At all times before computers got new opportunities through programming – a person created the machine understandable algorithms of work that led to the expected result. This approach is obsolete.

To work effectively with large data, we need another technology called machine learning. In this case, the person only gives some introductory information to computer, but the results of the operation of such an algorithm are not determined by the person. The person determines the way of learning the machine and analyzes the information. It’s like how we learn from you. Machine learning is not just artificial intelligence. This area includes genetic and evolutionary algorithms, and simpler problems associated with cluster analysis.

Finally, Cognitive Science. It is an interdisciplinary science that studies the mechanisms of cognition and thinking. The results of such studies are primarily the basis for the development of various approaches to the creation of artificial intelligence.

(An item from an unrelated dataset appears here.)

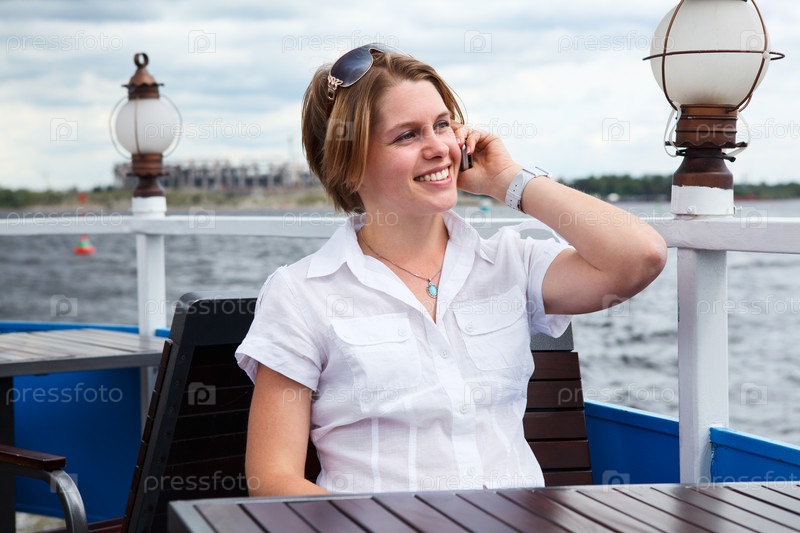Красивая европейская женщина в белой рубашке звонит по мобильному телефону, сидя за столом в кафе

Difference between Data Science, Machine Learning and Artificial Intelligence

Data Science, machine learning, and AI are different in the sense that:

Data science generates insight:

Data science is very different from the other two because its goal is also a human goal: to gain insight and understanding.

Machine learning makes prediction:

Machine learning belongs to the field of prediction: “given instance X with a specific feature, speculative Y”. Machine learning saves the programmer from having to explain in detail to the computer how to solve the problem. Instead, the computer is taught to find a solution on its own. In fact, machine learning is a very complex application of statistics to search for patterns in data and to create the necessary forecasts based on them.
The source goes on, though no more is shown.